PARK CITY – The Sundance Film Festival giveth, and the Sundance Film Festival taketh away…85 minutes of your evening. Those are the breaks when it comes to any major festival and, unfortunately, “I Smile Back” falls into the latter category. That may sound a tad harsh, but Adam Salky's latest is a disappointing effort that is the one film that truthfully doesn't belong in the U.S. Dramatic Competition this year.
[It's worth noting there are usually two or three films that the Sundance faithful wonder why they've been selected for competition, so just one means it's been quite a good year overall.]
In many ways, “Smile Back” feels like a film that would have been at Sundance 10 to 15 years ago. It centers on Laney (Sarah Silverman), a stay-at-home mom living in a gorgeous house in either Connecticut or upstate New York (either works) who has two beautiful kids and, seemingly, a wonderful husband, Bruce (Josh Charles). In reality, however, Laney isn't entirely with it. She forgets her ID to allow her to walk her kids to their classrooms and keeps trying to sneak her way out of having to park when returning to school to pick them up. We soon discover her problems stem from alcoholism and drug abuse. Oh, she's also having an affair with a family friend (Thomas Sadoski) and Bruce seems somewhat oblivious to all of it. That is until he discovers she hasn't been taking her lithium pills to keep her balanced and has been hiding drugs and vodka in different parts of their home.
Predictably, she's sent to rehab, where counseling reveals a good portion of her pain comes from the fact her father left her at the age of nine. “He never called,” and 30 years later, she still wonders why he abandoned her family. And that, is the gist of the movie.
For such a straightforward story, Salky and screenwriters Paige Dylan and Amy Koppleman make some strange creative decisions.
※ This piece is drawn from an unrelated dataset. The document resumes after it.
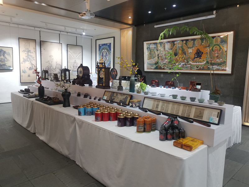 此外,本次的唐卡藝術展展出了唐卡精品卷軸掛畫30余件,唐卡被稱為藏族的”百科全書”,也是中華民族民間藝術中彌足珍貴的非物質文化遺產?,F場還同時展出唐卡繪制的各類工具原材料、藝術藏品,讓觀眾在現場近距離感受到其獨特的民族藝術魅力。

Why does it appear as though none of the women in the movie have jobs and are all stay-at-home wives? Why does Laney cheat on Bruce in the first place? Is she just bored? Wouldn't that have been something more interesting to explore than just focusing primarily on the drug addiction? Why would they let the film seemingly fall so easily into the trappings of a “rich white people” problems movie? Especially for a story we've seen numerous times before in different media. It's all so puzzling.
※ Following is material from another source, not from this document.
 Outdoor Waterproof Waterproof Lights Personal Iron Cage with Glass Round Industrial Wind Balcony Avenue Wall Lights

That aside, Salky and the producers have done their best to recruit some fine actors to surround Silverman with including Charles and Sadoski. Unfortunately, the former “Good Wife” star, who was great in last year's Cannes selection “Bird People,” has little to color Bruce with here. There seems to be something missing from his character and you wonder if something got lost in production. Sardonski at least has a more active character in Donny, who is clearly obsessed with Laney and even willing to leave his pregnant wife for her. He has much less screen time than Charles, but at least Donny feels more tangible.
If there is any saving grace in “Smile Back,” it's Silverman's fierce commitment to her performance. She gets roughed up, isn't afraid to expose herself physically and emotionally and she elevates the script when it really needs it (which is fairly often). In particular, she's quite effective in the numerous scenes that possibly foreshadow Laney losing her children (no, that's not a spoiler). It's high praise to say Silverman proves she's on a shortlist of actresses who could at least make Laney compelling to watch.
No one who sees “I Smile Back” will question if Silverman was right for the role, they will simply question whether this was a story that needed to be told in the first place.